Dentro desse cenário, o pastor Amauri Oliveira, presidente da Agência Presbiteriana de Missões Transculturais (APMT), pondera que o desafio atual na formação de líderes passa, necessariamente, pela influência de conceitos animistas na teologia cristã na África, o que torna a necessidade de uma formação sólida na Palavra ainda mais urgente. Apesar disso, o Evangelho tem ganhado força, segundo ele, principalmente na Nigéria, África do Sul, Congo e Etiópia, ou seja, em países da África Subsaariana.
Para suprir essa carência, a APMT tem investido na formação de líderes no continente africano. Por meio de convênios educacionais com seminários brasileiros, os pastores locais têm acesso a capacitação teológica. “Enviamos professores para oferecer treinamento e também trazemos professores africanos para que recebam formação no Brasil e, depois, retornem para ensinar o que aprenderam. Além disso, realizamos a distribuição de literatura cristã, o que ajuda na formação de bibliotecas e no aprimoramento da liderança”, explica Amauri.
No ritmo da perseguição
Na África, o Evangelho avança no mesmo ritmo da perseguição religiosa, pondera Marco Cruz, secretário-geral da Missão Portas Abertas no Brasil. “Quando as pessoas veem que os sobreviventes não desistem, não deixam de amar a Deus e de seguir a Jesus, isso serve como um testemunho de que o Senhor que servimos é fiel, leal e ama Seus filhos. Apesar dos ataques e mortes, o cristão perseguido continua vivo em seu testemunho de não negar e permanecer até o fim.”
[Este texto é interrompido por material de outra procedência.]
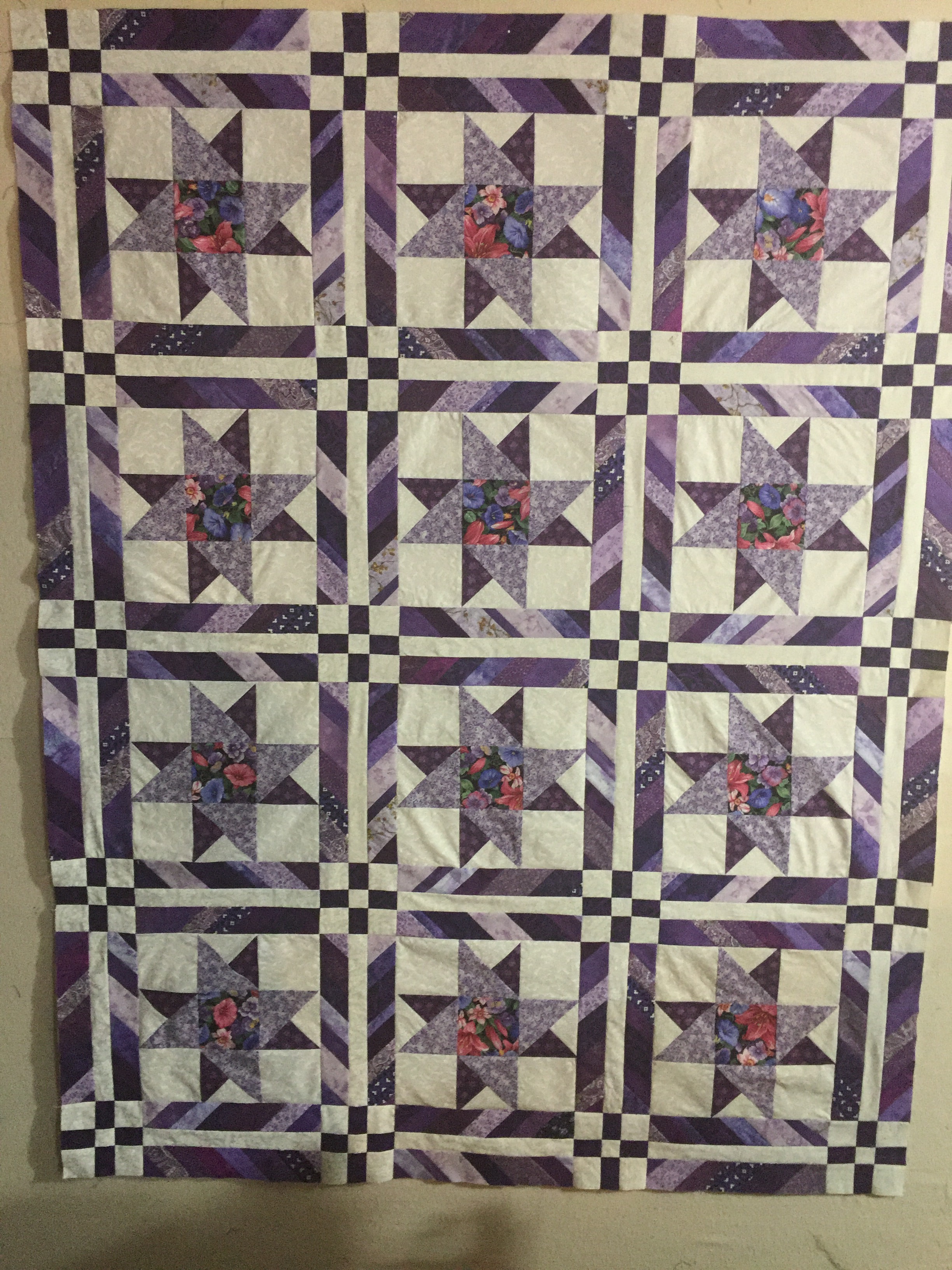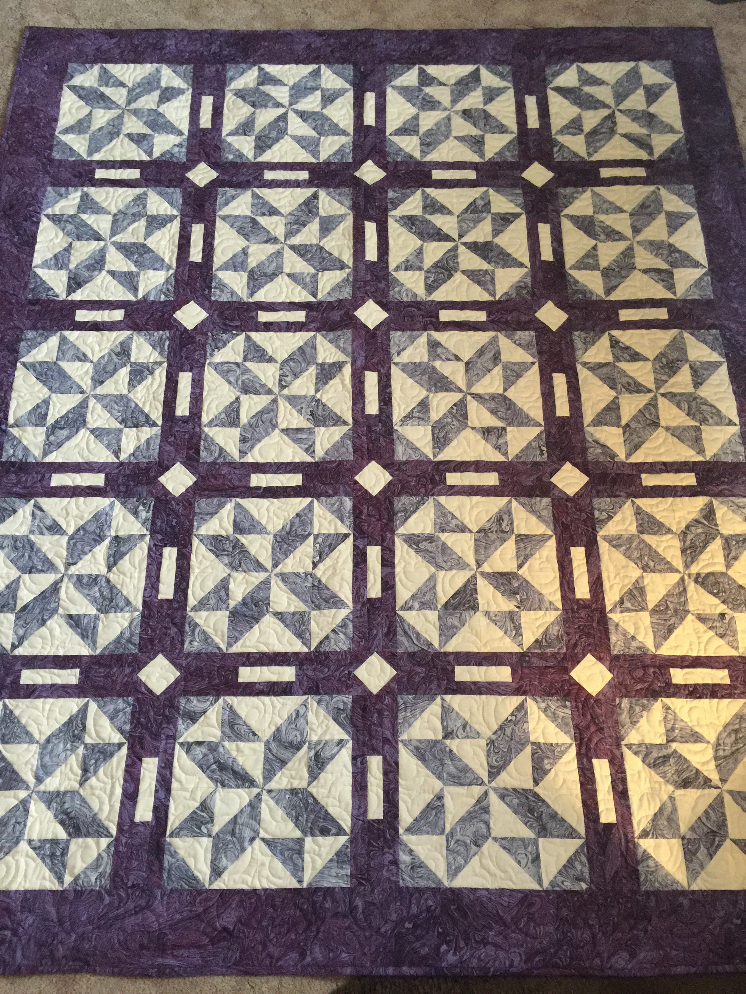 Life’s been busy the last few weeks and I haven’t had (or rather taken) the time to post anything. I did finish my Triple play quilt top and it’s quilted and bound. Yea!

Conforme Cruz, faltam líderes para servir à Igreja Perseguida em território africano. Ele explica que a Portas Abertas é uma agência missionária que funciona de maneira diferente das demais. A instituição não forma líderes e missionários brasileiros para enviá-los ao campo, mas trabalha diretamente com os cristãos perseguidos em seus próprios países e comunidades. “Queremos que a igreja cresça e se fortaleça onde ela está. É ali que o Evangelho vai crescer, com o testemunho de um nativo da região, de um vizinho, de alguém que fala o mesmo idioma e que cresceu naquele lugar.”
Além disso, a Portas Abertas promove campanhas de oração e apoio socioeconômico, atendendo a necessidades básicas e oferecendo suporte pós-trauma para viúvas, órfãos e líderes cristãos. “Esses líderes recebem apoio pastoral, treinamento e tudo o que precisam para continuar liderando suas comunidades, discipulando novos crentes, auxiliando famílias e, sobretudo, evangelizando”, conclui.